她在宴家住了这么久,手握祖父留下的银钱,有桑枝拨给的人手,更有母亲在旁暗中策应。

若这样还无法在父亲的铜墙铁壁上凿出一个洞来,那倒真是显得她太过无能了。

她搁下笔,將纸条拎起,待墨跡干透,才將其仔细捲成细小的纸卷。

走到窗边,推开一条缝隙。

对著自檐角悄无声息滑落的黑影说道:“速递。”

待那黑影越过院墙,彻底融入夜色,消失不见,宴嫣的眼底才缓缓浮现一抹暖洋洋的笑意。

此番消息递出,她在桑枝那里……应当又添了几分价值。

真好。

“你……为何要对裴女官如此死心塌地?”身后忽有声音响起。

宴嫣脸上的笑意驀地一凝。

她转过身,看向来人:“你倒是……胆子愈发大了。”

“我先是在暗夜赠你灯笼,后又在你命悬一线时出手相救,可不是为了让你在三更半夜来爬我床榻的。”

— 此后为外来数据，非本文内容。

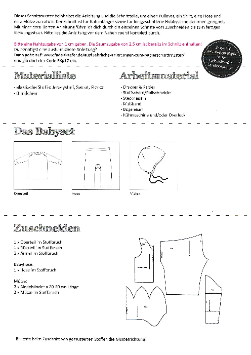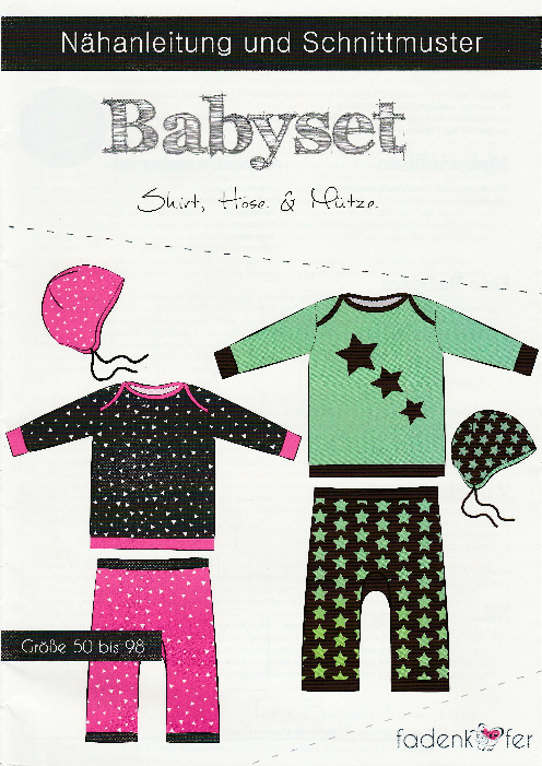 Dieses Set enthält Schnittmuster und Anleitung um ein Babyset bestehend aus Shirt/ Pullover, Hose und Mütze zu nähen.
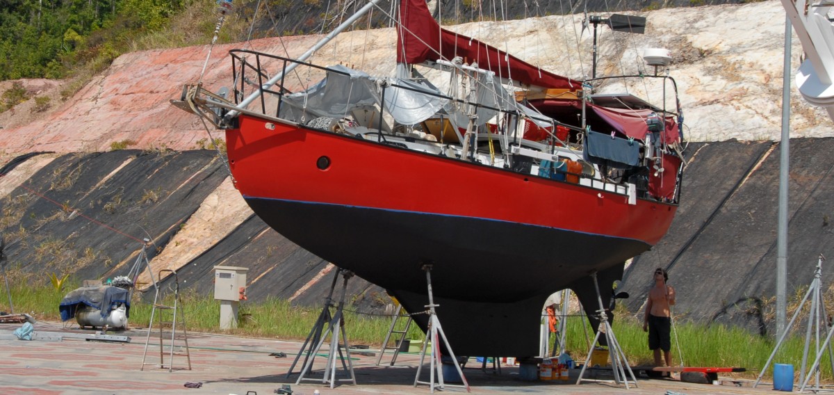 Auf Langfahrt, wo die Yacht auch das Zuhause des Skippers ist, gestaltet sich die Unternehmung "on the Hard", also draußen auf dem Hardstand, nicht ganz so unkompliziert. Einerseits sind die Möglichkeiten, das Schiff rauszuholen, rund um die Welt bei Weitem nicht so üppig wie in Deutschland oder am Mittelmeer. Andererseits kann die ganze Unternehmung so unverschämt teuer sein, dass man lieber weiterzieht und es später woanders probiert. Ein Beispiel: Mit unserem Katamaran war es besonders brenzlich, weil im Saildrive kein klares Öl mehr war, sondern eben "Öl-Mayonnaise" und wir, verständlich, befürchteten, dass das eingedrungene Seewasser im Saildrive diesem Getriebe nicht gut tut. In ganz Singapur gab es keine Möglichkeit, mit einem Traveller-Lift den sieben komma zwanzig Meter breiten Katamaran rauszuholen, die Travel-Lifte in dieser Metropole endeten eben bei "sieben Meter" (was uns übrigens in der Türkei auch passiert ist). Es blieb uns somit nichts anderes übrig, als die 500 Meilen durch die Malacca-Straße rauf nach Langkawi zu segeln - mit einer stillgelegten Maschine.
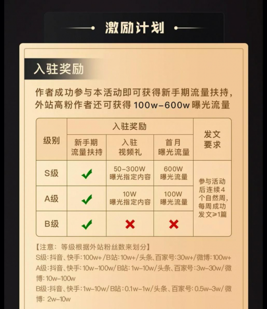 只要外站账号达到S级(账号等级划分具体见上图),入驻首月并参与活动即可获得600万曝光流量;外站账号达到A级,入驻首月并参与活动可获得100万曝光流量。
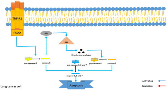 Among all mentioned 22 triterpene glycosides in sea cucumber extracts with anti-lung cancer activity (see Table 3), Intercedenside C exhibits the highest binding affinity to TNFR1 with a value of β13.39 Kcal/mole. Based on prior surveys, the activation of TNFR1 leads to the activation of FADD, which subsequently results in apoptosis in lung cancer cells [29]. Notably, despite the high tendency of Intercedenside C towards TNFR1, the need for more in vitro and in vivo surveys in order to examine this tendency exists. Furthermore, the mechanism of TNFR1-induced apoptosis in lung cancer cells is illustrated in Figure 6.
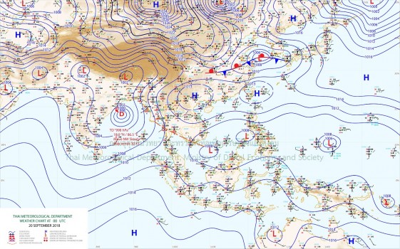 กรมอุตนิยมวิทยา พยากรณ์อากาศ 24 ชั่วโมงข้างหน้า ภาคกลาง ภาคตะวันออก และ ภาคใต้ยังคงมีฝนตกต่อเนื่อง ส่วนภาคเหนือตอนบน และภาคตะวันออกเฉียงเหนือตอนบน มีฝนลดลง ขอให้ประชาชนบริเวณภาคกลาง ภาคตะวันออก และภาคใต้ระวังอันตราย จากฝนที่ตกสะสม ซึ่งจะทำให้เกิดน้ำท่วมฉับพลัน และน้ำป่าไหลหลากไว้ด้วย สำหรับ คลื่นลมบริเวณทะเลอันดามันตอนบน มีคลื่นสูงประมาณ 2 เมตร ขอให้ชาวเรือบริเวณ ดังกล่าวเดินเรือด้วยความระมัดระวัง ส่วนกรุงเทพมหานครและปริมณฑล มีเมฆ เป็นส่วนมาก กับมีฝนฟ้าคะนอง ร้อยละ 40 ของพื้นที่

来人轻声道:“嫣姑娘赠属下灯笼,不正是想让属下弃暗投明吗?”

“至於宴姑娘的救命之恩,属下更是不敢或忘。”

“正因如此,属下才愈发不解。”

“以姑娘的聪慧与手段,为何要屈居人下,对那位裴女官言听计从?”

宴嫣並未立刻回应,只静静打量著他。

“救你的人,並非我的手下。”

“所以这救命之恩,我受之有愧。”

这,便是她楔入父亲那铜墙铁壁中的第一把刀。

眼前这人,在父亲跟前儿,已成弃子。

但他在护卫营中积攒的威望犹在。

若想说服那么一两个旧部,递出些看似无关紧要的消息,並非难事。

然而,这个被她“救”下的弃子,心显然养大了。

她记得清清楚楚,此人在父亲面前是何等恭敬谨慎,何等唯命是从。

而如今,他每一次的放肆,每一分逾越规矩的言行,无不在无声地宣告,他从未像畏惧她父亲那样畏惧她,也从未像信服她父亲那般信服她。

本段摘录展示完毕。